How popular has pension freedoms been?
A pretty solid pension’s day was had on 7 January, with an eloquent debate in the House of Commons about equalisation of state pension ages – how much notice do you have to give to people of changes to the state pension age?
Equality is as equality does, but it helps to let people know of such changes!
On the same day we have had publication by the FCA of a further tranche of data, following the introduction of pension freedoms last April.
There is a touch of irony in the fact that on the same day as a debate that puts forward stories of serious hardship in retirement we had data showing how many people have encashed their pension plans.
I still maintain that we will not get a full picture of the effect of the pension freedoms until a full year has passed, but there are still some interesting pointers.
Very briefly, the numbers:
According to the report, 120,969 pensions - nearly 70% of the total accessed under the new rules - were fully encashed, with nearly 90% of these being small pots of less than £30,000. Most withdrawals for pots between £10,000 and £29,000 were seen in the 55-59 age group across both UFPLS and drawdown.
Just over 30% of plans were used to take an income after tax-free cash by using drawdown, UFPLS or an annuity, and 84% of those going into drawdown areas said to be taking ’prudent’ levels of income.
Other headlines to note include:
- 58% of consumers going into drawdown stayed with their existing provider.
- 64% of consumers purchasing annuities stayed with their existing provider.
- Of policies with guaranteed annuity rates, 68% of such rates were not used, particularly if the fund was less than £30,000.
So what can be said about this?
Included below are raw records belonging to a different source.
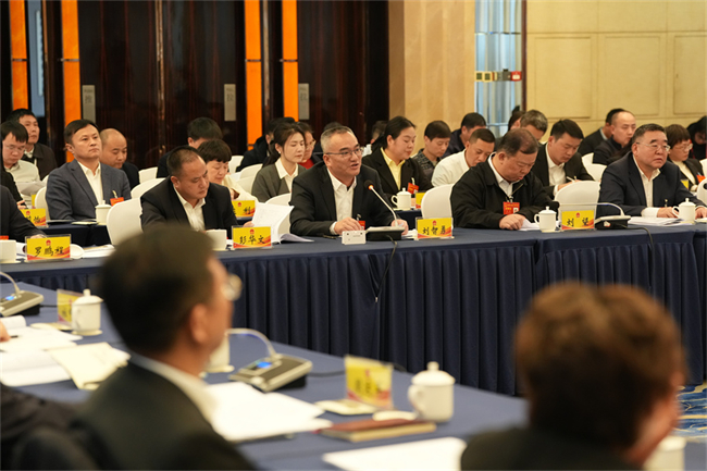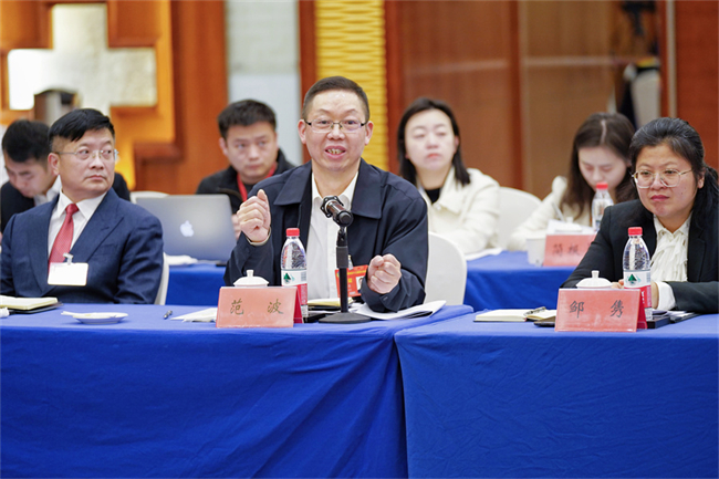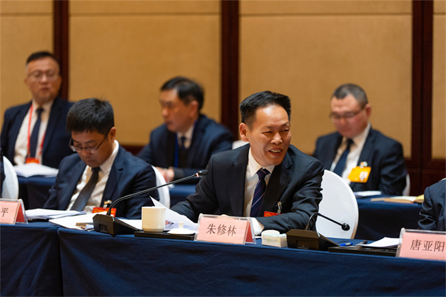 On February 3 afternoon, Zhu Xiulin, a deputy from the Xiangtan delegation, offers his suggestions on advancing Changsha-Zhuzhou-Xiangtan integrated development. (Photo/Fu Cong, Hunan Daily)
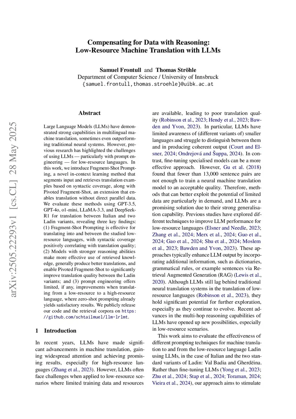 Compensating for Data with Reasoning: Low-Resource Machine Translation with LLMs
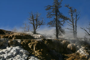 Recht farbenfroh präsentiert sich die Palette Spring gleich beim ersten Parkplatz hinterm Camp. Apart sehen auch die flankierenden in Dampfschwaden gehüllten Kiefern gegen den tiefblauen Himmel aus. Wir müssen viele Japaner fotografieren, einzeln, in Gruppen, Paare. Die meisten setzen sich nett vor den wabernden Terrassen in Szene, manche wollen den lustigen Liberty Cap, einen erloschenen Geysir,
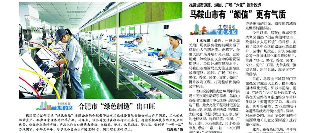 厲害了!!《歐洲時(shí)報(bào)》魅力安徽專版報(bào)道 榮事達(dá)綠色制造出口旺 一帶一路暢銷海外【報(bào)道原文】 獲國家工信部首批“綠色制造”示范企業(yè)的合肥榮事達(dá)水...
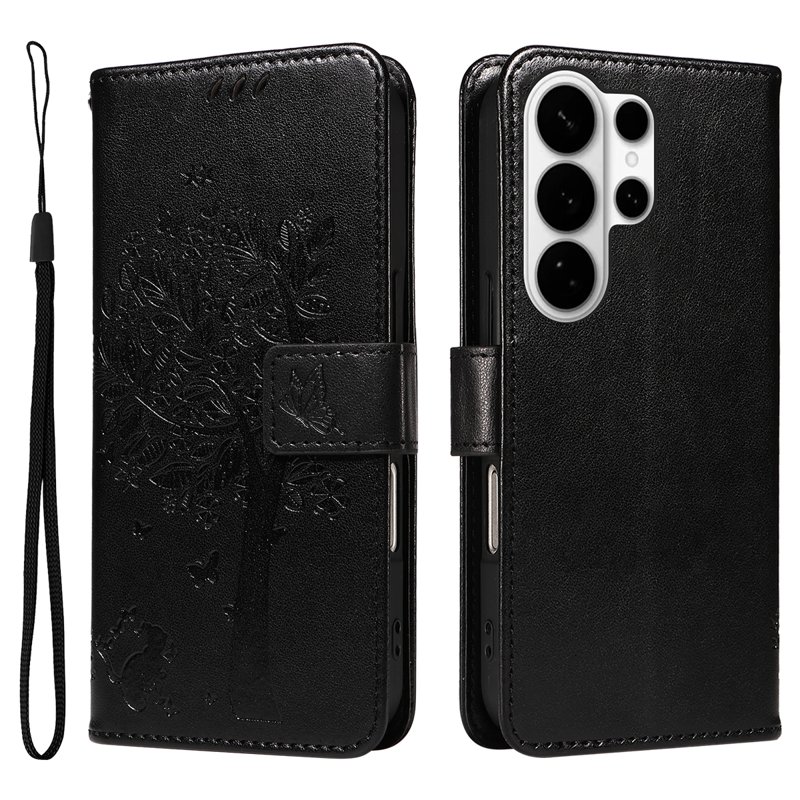 Samsung Galaxy S26 Ultra Fodral PU Läder Katttree Mönster - Svart
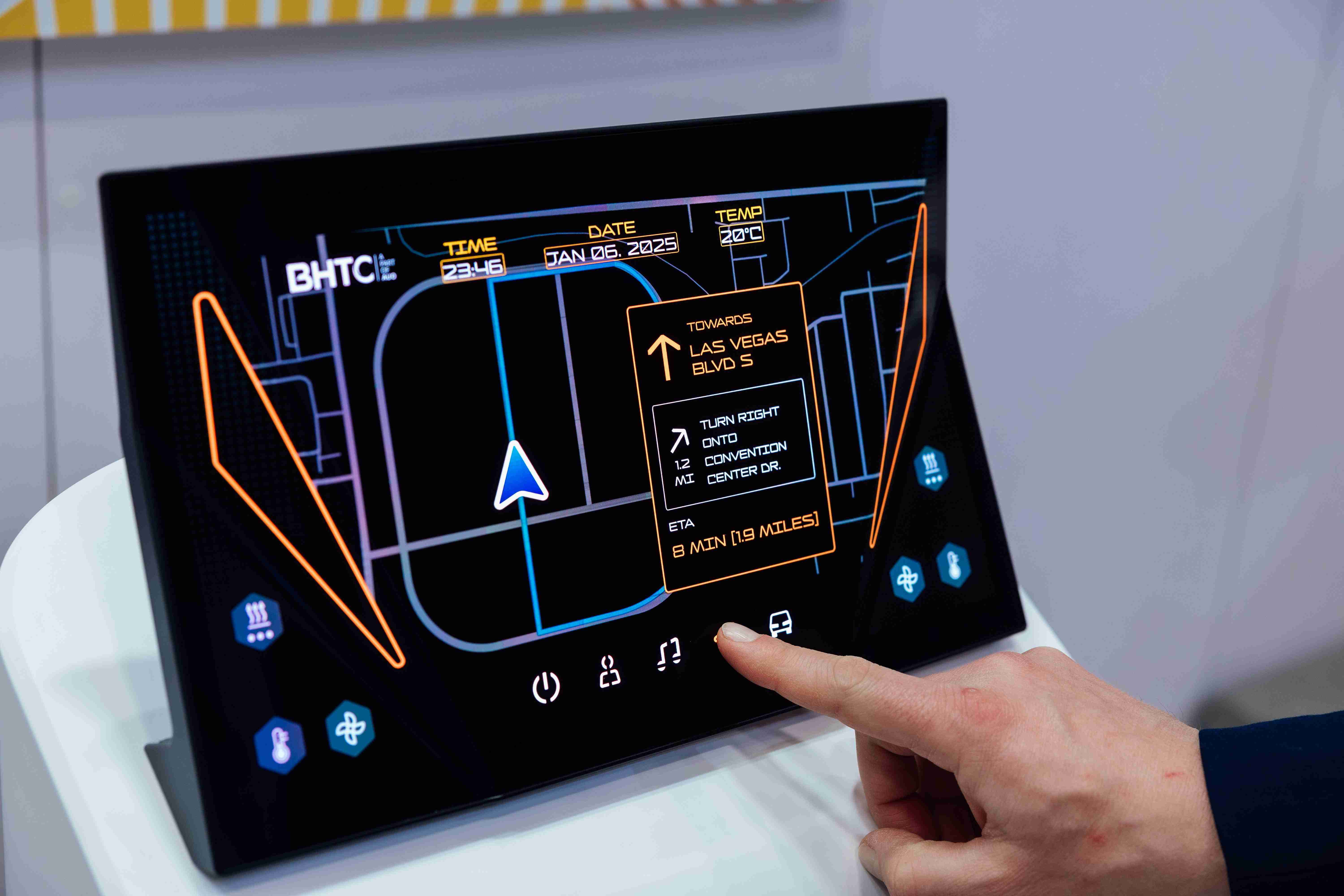 Micro LED可折迭触控显示器(Haptifold Display)结合BHTC多年HMI设计经验,,,整合中控台和温度控制功能,,,以优美的曲面和独特的外型助力车内设计美学,,在辅以触控回馈下,,为驾驶带来更直觉的使用体验。。。
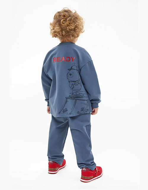 Комфортные брюки-карго в благородном оттенке деним для мальчика. Прямая модель. Изделие на мягком поясе со средней посадкой. Комбинация материалов: футер и твил. Накладные боковые карманы.
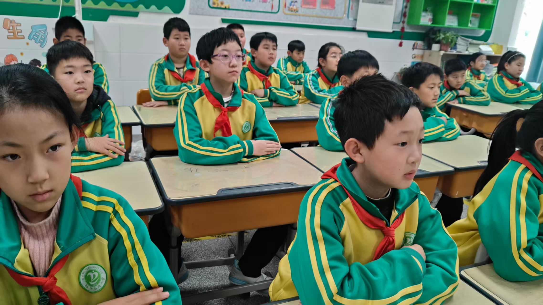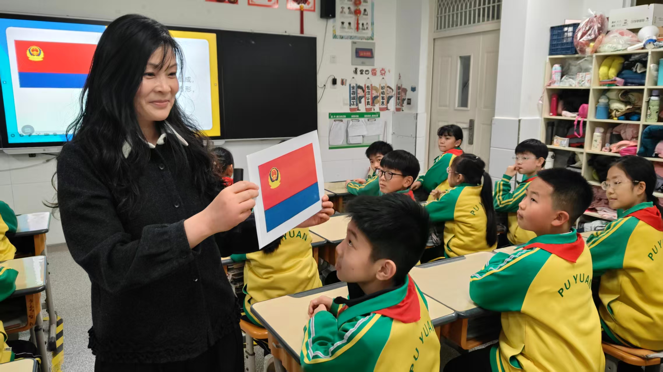 课堂上,悦芯妈妈通过图片、音频、短视频等多种形式,带孩子们解锁警察的“专属标识”:红蓝两色的警旗,由国徽、盾牌、长城、松枝组成的警徽,是人民警察的标志与象征;激昂的《中国人民警察警歌》响起时,孩子们认真聆听“对党忠诚、服务人民、执法公正、纪律严明”的宗旨,感受到了警队的庄严与力量。

It is logical that small pots have been cashed in because an annuity for such a size of fund would be tiny. I would have been interested to see what the money was used for and particularly whether excessive tax was paid. This becomes even more relevant in the cases where a number of larger pots encashed.
With the changes in the annuity market it seems concerning that nearly two thirds are not shopping around and that the work done previously on the open market option has not been heeded – perhaps further work is needed? Drawdown is perhaps not so concerning as it is an option under the existing policy. My only point would be whether the charges payable and the range of investment options available are appropriate.
My final two concerns relate to income drawdown. It would appear that nearly half of those going into drawdown have taken no advice, but that many are taking prudent levels of income. I have long been an advocate of advice for income drawdown in the majority of cases - particularly if the drawdown pot is to provide an income for life within a specific risk profile.
I am still of the view that there are a lot of people in drawdown who might have previously bought an annuity and as I write there is news of the Chinese stock market being suspended and falls in the UK – do those in non-advised drawdown fully understand the implications of events like this?
And so we come to my final point – people are not seeking advice or guidance (Pension Wise?), and this makes the review of the advice market even more important.